> **WHAT THE TASK ASKS**
For this exercise, write out only the lines of the entries below from the one with "秋冬大活躍間違いなし! 厚底ショートムートンブーツが登場 ■Point" up to and including the one with "9일 천안 유관순체육관에서", exactly as they are. Pictures stay out.
━━━ RECORDS FOR THIS TASK ━━━
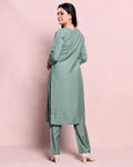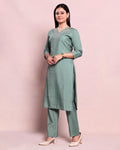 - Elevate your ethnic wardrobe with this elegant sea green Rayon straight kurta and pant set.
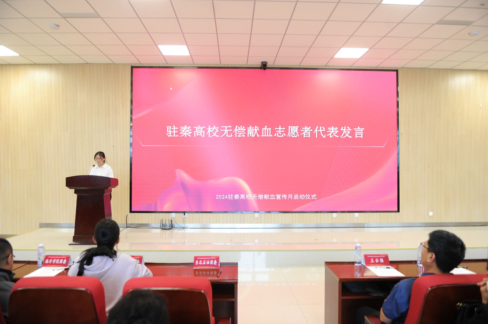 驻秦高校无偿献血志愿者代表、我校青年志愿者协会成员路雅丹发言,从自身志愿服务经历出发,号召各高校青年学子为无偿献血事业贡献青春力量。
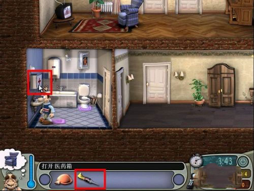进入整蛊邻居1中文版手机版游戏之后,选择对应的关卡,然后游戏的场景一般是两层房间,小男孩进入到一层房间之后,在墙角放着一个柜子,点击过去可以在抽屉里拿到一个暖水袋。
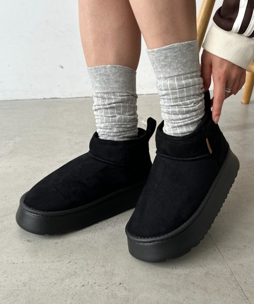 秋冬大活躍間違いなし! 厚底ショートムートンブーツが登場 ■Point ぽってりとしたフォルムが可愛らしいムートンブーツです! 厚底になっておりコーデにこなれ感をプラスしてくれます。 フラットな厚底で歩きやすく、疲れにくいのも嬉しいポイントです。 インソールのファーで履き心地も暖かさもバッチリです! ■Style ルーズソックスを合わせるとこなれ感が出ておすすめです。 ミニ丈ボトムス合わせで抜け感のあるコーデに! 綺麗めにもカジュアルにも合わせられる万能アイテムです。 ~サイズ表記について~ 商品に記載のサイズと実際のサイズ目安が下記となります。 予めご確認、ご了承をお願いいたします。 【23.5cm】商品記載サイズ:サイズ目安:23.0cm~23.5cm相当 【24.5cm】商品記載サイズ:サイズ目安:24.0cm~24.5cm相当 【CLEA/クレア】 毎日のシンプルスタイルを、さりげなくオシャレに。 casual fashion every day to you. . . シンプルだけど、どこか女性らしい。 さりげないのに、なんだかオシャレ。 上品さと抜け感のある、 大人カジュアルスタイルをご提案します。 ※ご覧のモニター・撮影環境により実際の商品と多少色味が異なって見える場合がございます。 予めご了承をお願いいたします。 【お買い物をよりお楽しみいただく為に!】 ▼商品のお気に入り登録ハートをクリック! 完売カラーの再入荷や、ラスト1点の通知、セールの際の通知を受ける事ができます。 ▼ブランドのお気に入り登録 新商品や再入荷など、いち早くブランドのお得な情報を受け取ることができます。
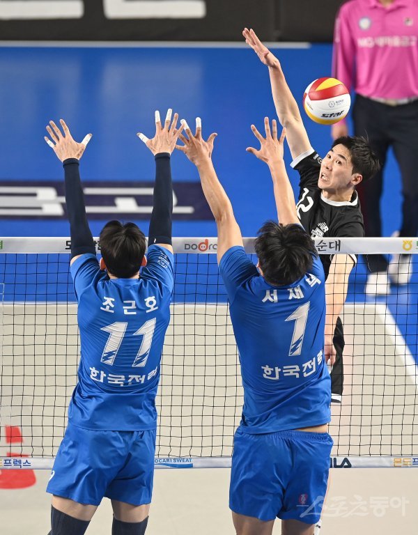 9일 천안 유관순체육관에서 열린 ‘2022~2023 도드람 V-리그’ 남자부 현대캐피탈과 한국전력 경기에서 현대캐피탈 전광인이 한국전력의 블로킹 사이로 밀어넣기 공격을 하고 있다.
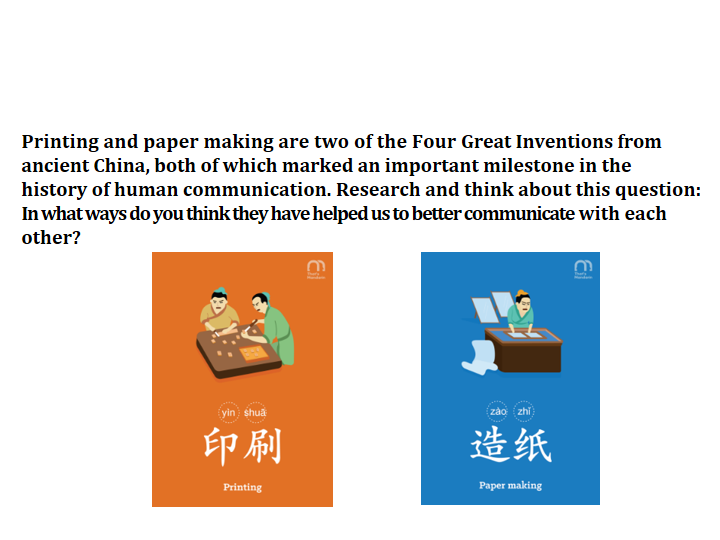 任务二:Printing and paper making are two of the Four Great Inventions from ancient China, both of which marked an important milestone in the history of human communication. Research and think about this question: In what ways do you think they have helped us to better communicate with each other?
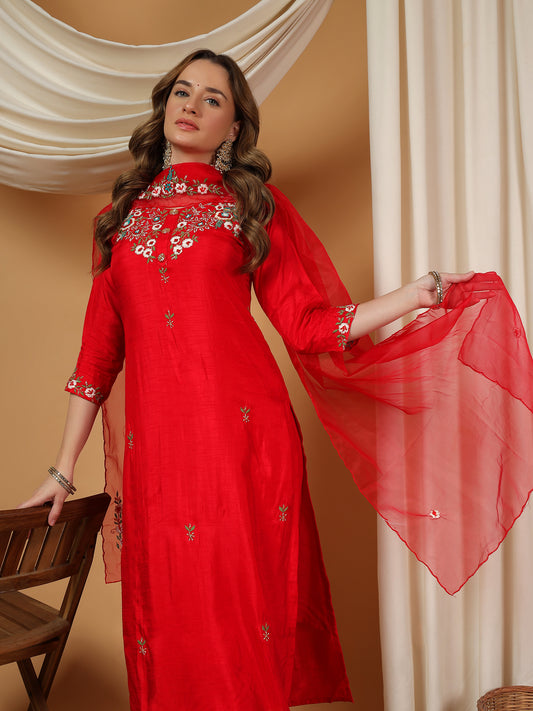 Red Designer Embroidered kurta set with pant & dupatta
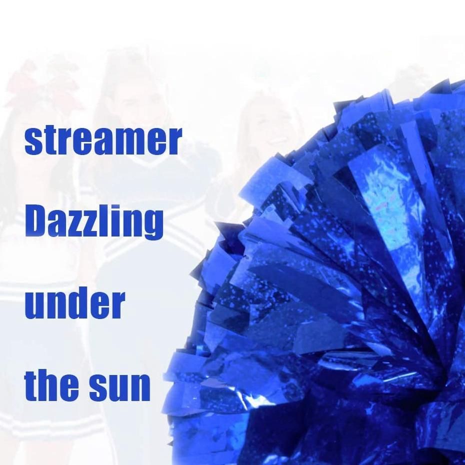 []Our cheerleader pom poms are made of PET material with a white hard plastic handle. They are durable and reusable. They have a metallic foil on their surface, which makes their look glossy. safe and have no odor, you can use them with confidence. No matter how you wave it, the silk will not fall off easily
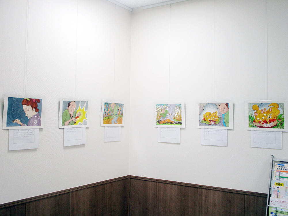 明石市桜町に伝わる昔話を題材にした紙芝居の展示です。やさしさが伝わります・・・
━━━
━━━ RECORDS FOR THIS TASK ━━━
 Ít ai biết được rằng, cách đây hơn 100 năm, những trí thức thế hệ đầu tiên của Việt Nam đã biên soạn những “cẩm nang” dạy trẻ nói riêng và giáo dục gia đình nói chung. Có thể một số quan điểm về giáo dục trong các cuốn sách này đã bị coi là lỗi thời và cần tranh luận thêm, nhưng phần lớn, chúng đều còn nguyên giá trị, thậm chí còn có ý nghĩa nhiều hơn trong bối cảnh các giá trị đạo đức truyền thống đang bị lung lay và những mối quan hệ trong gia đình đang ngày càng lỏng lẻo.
━━━
> **REPLY**
 秋冬大活躍間違いなし! 厚底ショートムートンブーツが登場 ■Point ぽってりとしたフォルムが可愛らしいムートンブーツです! 厚底になっておりコーデにこなれ感をプラスしてくれます。 フラットな厚底で歩きやすく、疲れにくいのも嬉しいポイントです。 インソールのファーで履き心地も暖かさもバッチリです! ■Style ルーズソックスを合わせるとこなれ感が出ておすすめです。 ミニ丈ボトムス合わせで抜け感のあるコーデに! 綺麗めにもカジュアルにも合わせられる万能アイテムです。 ~サイズ表記について~ 商品に記載のサイズと実際のサイズ目安が下記となります。 予めご確認、ご了承をお願いいたします。 【23.5cm】商品記載サイズ:サイズ目安:23.0cm~23.5cm相当 【24.5cm】商品記載サイズ:サイズ目安:24.0cm~24.5cm相当 【CLEA/クレア】 毎日のシンプルスタイルを、さりげなくオシャレに。 casual fashion every day to you. . . シンプルだけど、どこか女性らしい。 さりげないのに、なんだかオシャレ。 上品さと抜け感のある、 大人カジュアルスタイルをご提案します。 ※ご覧のモニター・撮影環境により実際の商品と多少色味が異なって見える場合がございます。 予めご了承をお願いいたします。 【お買い物をよりお楽しみいただく為に!】 ▼商品のお気に入り登録ハートをクリック! 完売カラーの再入荷や、ラスト1点の通知、セールの際の通知を受ける事ができます。 ▼ブランドのお気に入り登録 新商品や再入荷など、いち早くブランドのお得な情報を受け取ることができます。
 9일 천안 유관순체육관에서 열린 ‘2022~2023 도드람 V-리그’ 남자부 현대캐피탈과 한국전력 경기에서 현대캐피탈 전광인이 한국전력의 블로킹 사이로 밀어넣기 공격을 하고 있다.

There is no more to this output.